Another tip we learned was to use nitrogen sources as the limiting growth factor instead of sugar. Low sugar concentrations select for cells that grow quickly at the expense of bioproduction. Having sufficient sugar will ensure the cells’ growth requirements are satisfied and that a significant portion of the energy budget can be used for production.
Nutrient Delivery
A simple design for a bioreactor would have nutrients delivered from the top and oxygen from the bottom.
However, the large size of industrial bioreactors means that significant heterogeneity can occur within the reactor due to long mixing time.

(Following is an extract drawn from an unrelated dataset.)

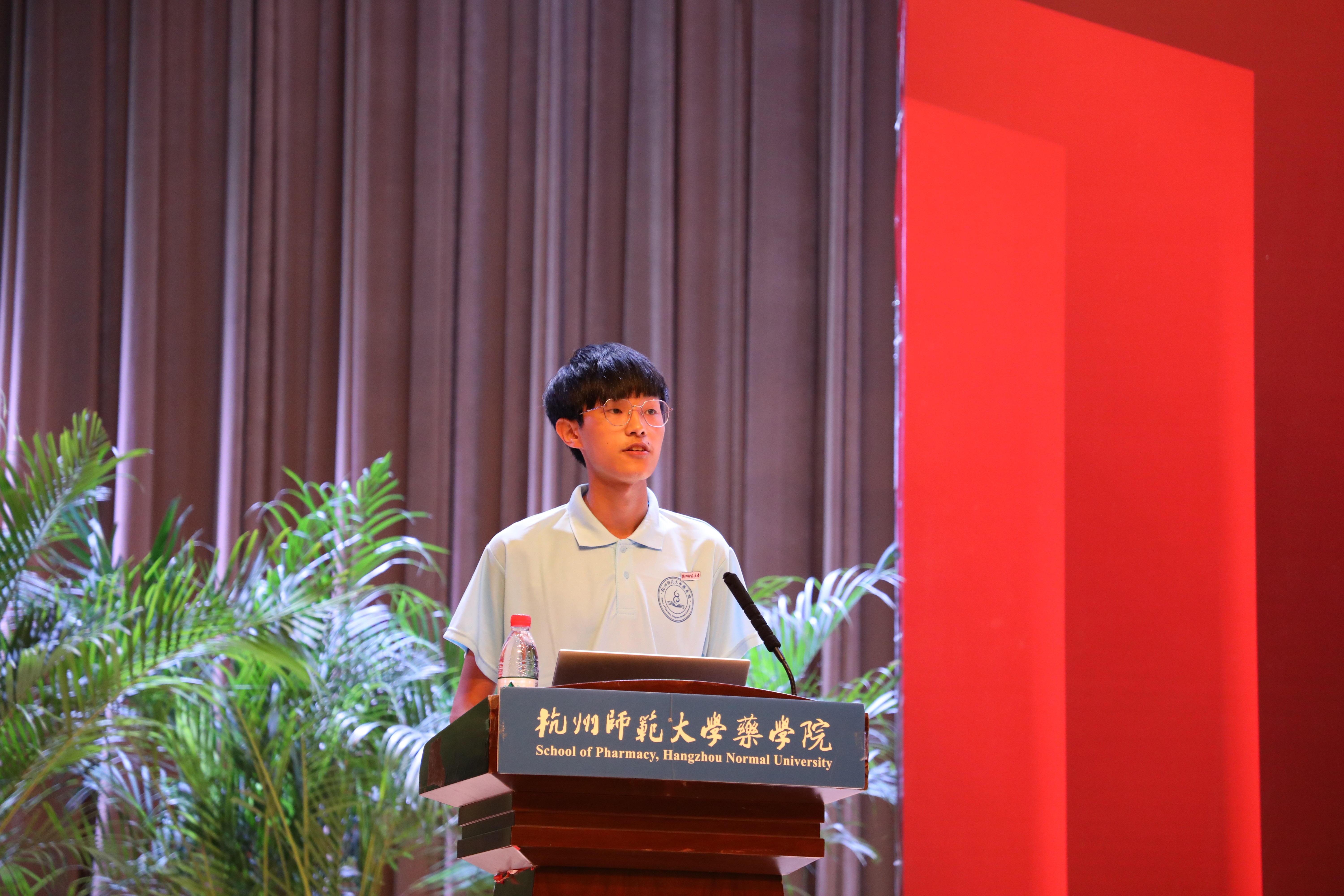 之后2021级硕士研究新生杨瑞同学带来了他的发言。他劝诫同学们时刻谨记“勤、慎、诚、恕”“博、雅、精、进”的校训,约束自己,为药学的明天而努力。

As we learnt from our interview with Dr. Nic Lindley, such a bioreactor is polarized into a nutrient-rich, anoxic zone at the top and a nutrient-poor, oxygenated zone at the bottom.

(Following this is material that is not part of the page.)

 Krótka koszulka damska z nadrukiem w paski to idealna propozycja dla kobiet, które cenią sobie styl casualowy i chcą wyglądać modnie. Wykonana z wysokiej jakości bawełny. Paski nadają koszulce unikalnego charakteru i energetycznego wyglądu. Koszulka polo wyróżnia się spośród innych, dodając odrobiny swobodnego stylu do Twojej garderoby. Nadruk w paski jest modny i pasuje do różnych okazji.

This is the result of bacteria consuming all the oxygen or food at the delivery point.
Performance of the main metabolic pathway becomes difficult to predict and other unwanted pathways may be activated.

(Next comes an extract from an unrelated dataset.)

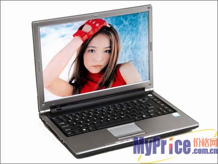本本外观简约时尚,整机采用深灰色为主色调,本本边缘采用封闭式美工曲线处理,搭配14寸镜面高亮润清宽屏,分辨率为1280×800,整体看上去非常稳重大气。

It has demonstrated that generation of turbulent flow can improve E.Coli growth by up to five times compared to still water controls[1]. We intend to keep the tank-to-impeller diameter ratio between 1.6 to 2 times to prevent the formation of caverns. In addition, we will use a close clearance helical impeller that sweeps a large proportion of the tank volume with a Rushton turbine that ensures good gas dispersion[3].
Lighting Configuration
Since our bacterial system is controlled by light, it is important that light penetration is adequate throughout the tank. We will thus borrow ideas from photobioreactors which are normally used for algae; internally illuminated photobioreactors have been proposed to increase efficiency by decreasing the path length of light[7[. Since we already have a stirrer in the center of the reactor, adding lights internally will mean installing the lights on the impellers themselves. Unlike a photobioreactor, we do not want light from outside to enter the reactor to achieve tight control of the lighting conditions. In addition, we want to minimize the loss of light energy due to the reactor wall. Our reactor wall will thus be opaque and reflective to maximize the illumination within the reactor.
Sensing Cell Stress
In the case of our system, the control objectives are to prioritize maximizing process yield while maintaining a constant, low oxygen profile and by-product formation. One development we have in mind is the use of the stress reporter system for measuring cell stress. This was demonstrated by the wet lab team. As of now, cell stress is normally measured indirectly by the looking medium properties such as dissolved oxygen, pH and conductivity. Using spinach, we can use measure fluorescence to directly understand the level of stress the cells experience. This will significantly reduce uncertainty and lead to better control strategies.
Biphasic Media
Biphasic media systems have been shown to offer several advantages in bioprocessing; the product is moved into the organic phase and reduces toxicity and thus increases yield[4]. At the same time, the separation of the product from the cells makes recovery easier. The organic phase is a hydrocarbon solvent (n-decane, n-hexadecane) with an octanol:water partition coefficient (log P) above 4. This a commonly accepted requisite for a good tolerance by whole microbial cells [4]. Since luteolin has been shown to be readily soluble in alkanes [5], we believe that a vegetable oil solvent can provide adequate performance while eliminating concerns of toxicity[6].
Futuristic Bioreactor
Our envisioned futuristic bioreactor is designed to include the features discussed above. The bioreactor stands at about 3m tall with a diameter of 1.5m, and can contain up to ~4000L of cell culture.